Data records
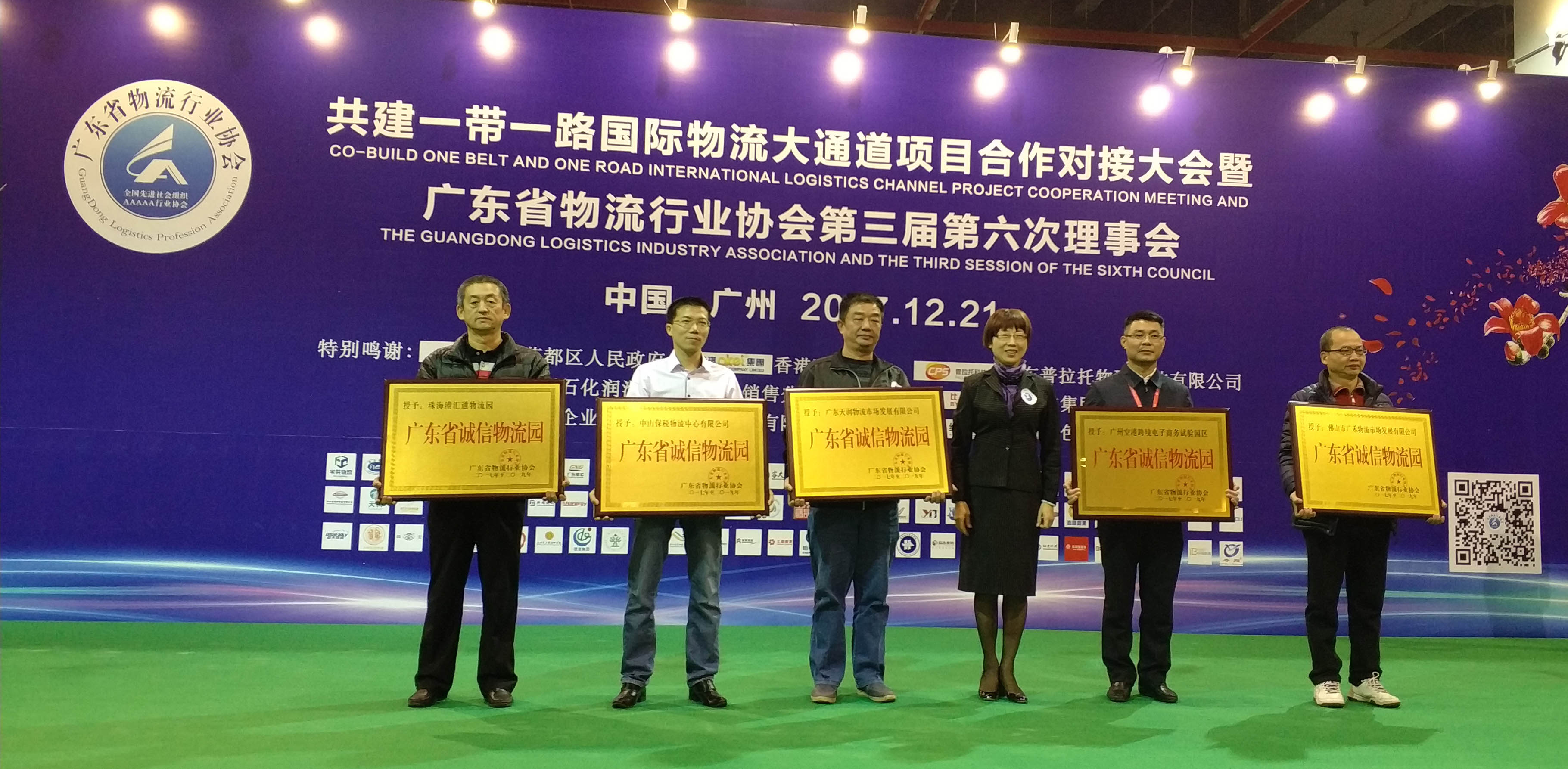 珠海港汇通物流园、广州空港跨境电子商务试验园区、中山保税物流中心有限公司、佛山市广禾物流市场发展有限公司、广东天润物流市场发展有限公司等5家企业获选2017年度“广东省诚信物流园区”。
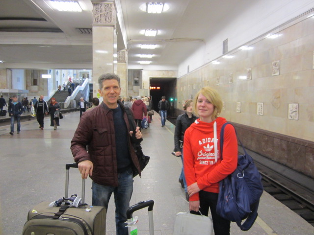 Kolay and Lida helping me with my luggage on the Moscow subways.
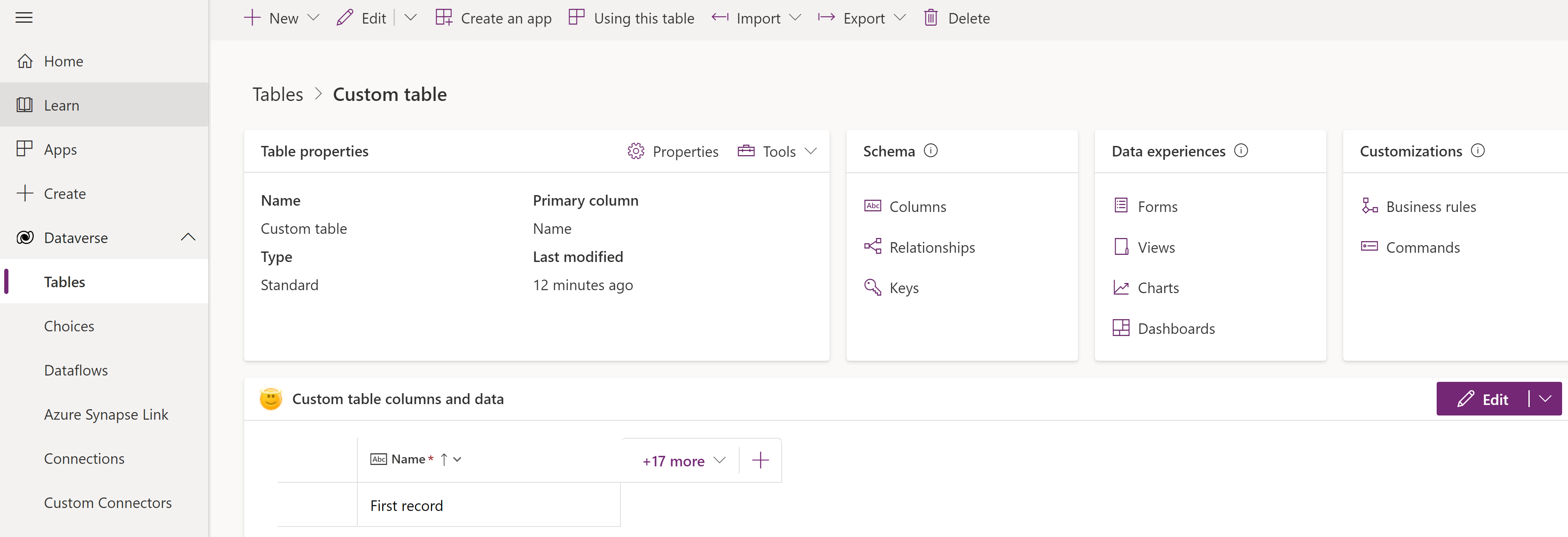 จากศูนย์รวมตาราง ให้เลือก แก้ไข เพื่อเปิดตัวออกแบบตาราง ตัวออกแบบตารางช่วยให้คุณทำการเปลี่ยนแปลงอย่างครอบคลุมในตาราง รวมถึงการแก้ไขหรือเพิ่มเรกคอร์ดและคอลัมน์ใหม่ การแก้ไขคุณสมบัติของตาราง หรือการสร้างแอปแบบจำลองที่อิงตามตาราง
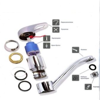 В зависимост от аксесоарите, смесителите могат да имат функция за регулиране на температурата на водата или да работят без нея. Съществува и вид оборудване, което се характеризира с транслационно връщане или ротационен принцип на работа.. Този водопроводен аксесоар има следния състав:
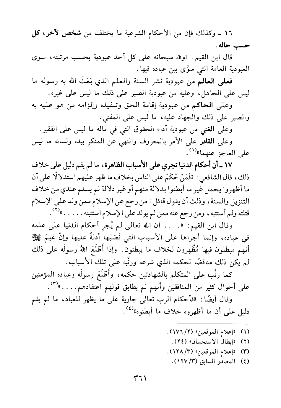 16- وكذلك فإن من الأحكام الشرعية ما يختلف من شخص لآخر، كل حسب حاله.
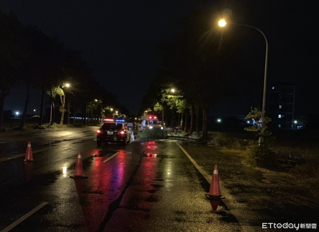 ▲白鹿颱風襲台,安南區安吉路二段與台江大道三段交叉口路樹倒塌案件後,即刻派員前往現場處理,並於25日凌晨1時左右清理完成。(圖/記者林悅翻攝,下同)
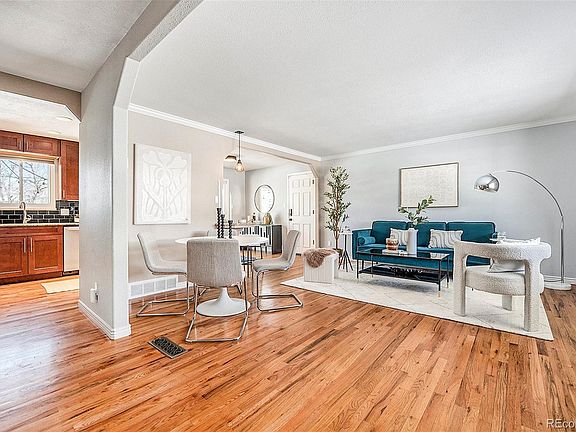 Welcome to this beautifully designed tri-level home, situated on an ample lot in prime Applewood! The main level offers an inviting open layout with gleaming hardwood floors, seamlessly connecting the spacious living and dining areas to a large, well-appointed kitchen. Sliding glass doors lead to an expansive backyard - perfect for outdoor entertaining or quiet relaxation. Upstairs, you’ll find three comfortable bedrooms, all with hardwood floors, and a full bath. The lower level provides a cozy, carpeted family room, an additional bedroom, and a convenient second bath - ideal for guests, a home office, or a private retreat. This section of Applewood offers easy access to daily amenities. Parks are a walk away, a grocery store around the corner, and immediate access to I70 makes commuting or mountain travel a breeze. Don't miss this incredible opportunity - schedule your showing today!
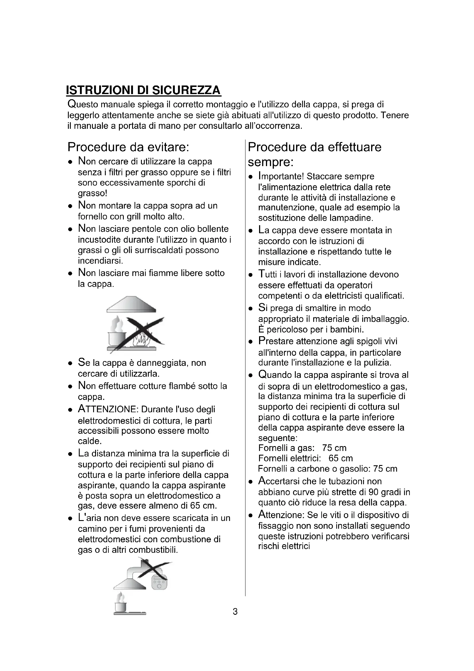 Questo manuale spiega il corretto montaggio e l'utilizzo della cappa, si prega di leggerlo attentamente anche se siete già abituati all'utilizzo di questo prodotto. Tenere il manuale a portata di mano per consultarlo all’occorrenza. Procedure da evitare: ● Non cercare di utilizzare la cappa senza i filtri per grasso oppure se i filtri sono eccessivamente sporchi di grasso! ● Non montare la cappa sopra ad un fornello con grill molto alto. ● Non lasciare pentole con olio bollente incustodite durante l'utilizzo in quanto i grassi o gli oli surriscaldati possono incendiarsi. ● Non lasciare mai fiamme libere sotto la cappa. ● Se la cappa è danneggiata, non cercare di utilizzarla. ● Non effettuare cotture flambé sotto la cappa. ● ATTENZIONE: Durante l'uso degli elettrodomestici di cottura, le parti accessibili possono essere molto calde. ● La distanza minima tra la superficie di supporto dei recipienti sul piano di cottura e la parte inferiore della cappa aspirante, quando la cappa aspirante è posta sopra un elettrodomestico a gas, deve essere almeno di 65 cm. ● L'aria non deve essere scaricata in un camino per i fumi provenienti da elettrodomestici con combustione di gas o di altri combustibili.

■ **Problem to solve**:
Look above for the line with "Kolay and Lida" and the line with "Welcome to this". Give again exactly those two lines and all lines between them, pictures excluded.

■ **Task response**:
 Kolay and Lida helping me with my luggage on the Moscow subways.
 จากศูนย์รวมตาราง ให้เลือก แก้ไข เพื่อเปิดตัวออกแบบตาราง ตัวออกแบบตารางช่วยให้คุณทำการเปลี่ยนแปลงอย่างครอบคลุมในตาราง รวมถึงการแก้ไขหรือเพิ่มเรกคอร์ดและคอลัมน์ใหม่ การแก้ไขคุณสมบัติของตาราง หรือการสร้างแอปแบบจำลองที่อิงตามตาราง
 В зависимост от аксесоарите, смесителите могат да имат функция за регулиране на температурата на водата или да работят без нея. Съществува и вид оборудване, което се характеризира с транслационно връщане или ротационен принцип на работа.. Този водопроводен аксесоар има следния състав:
 16- وكذلك فإن من الأحكام الشرعية ما يختلف من شخص لآخر، كل حسب حاله.
 ▲白鹿颱風襲台,安南區安吉路二段與台江大道三段交叉口路樹倒塌案件後,即刻派員前往現場處理,並於25日凌晨1時左右清理完成。(圖/記者林悅翻攝,下同)
 Welcome to this beautifully designed tri-level home, situated on an ample lot in prime Applewood! The main level offers an inviting open layout with gleaming hardwood floors, seamlessly connecting the spacious living and dining areas to a large, well-appointed kitchen. Sliding glass doors lead to an expansive backyard - perfect for outdoor entertaining or quiet relaxation. Upstairs, you’ll find three comfortable bedrooms, all with hardwood floors, and a full bath. The lower level provides a cozy, carpeted family room, an additional bedroom, and a convenient second bath - ideal for guests, a home office, or a private retreat. This section of Applewood offers easy access to daily amenities. Parks are a walk away, a grocery store around the corner, and immediate access to I70 makes commuting or mountain travel a breeze. Don't miss this incredible opportunity - schedule your showing today!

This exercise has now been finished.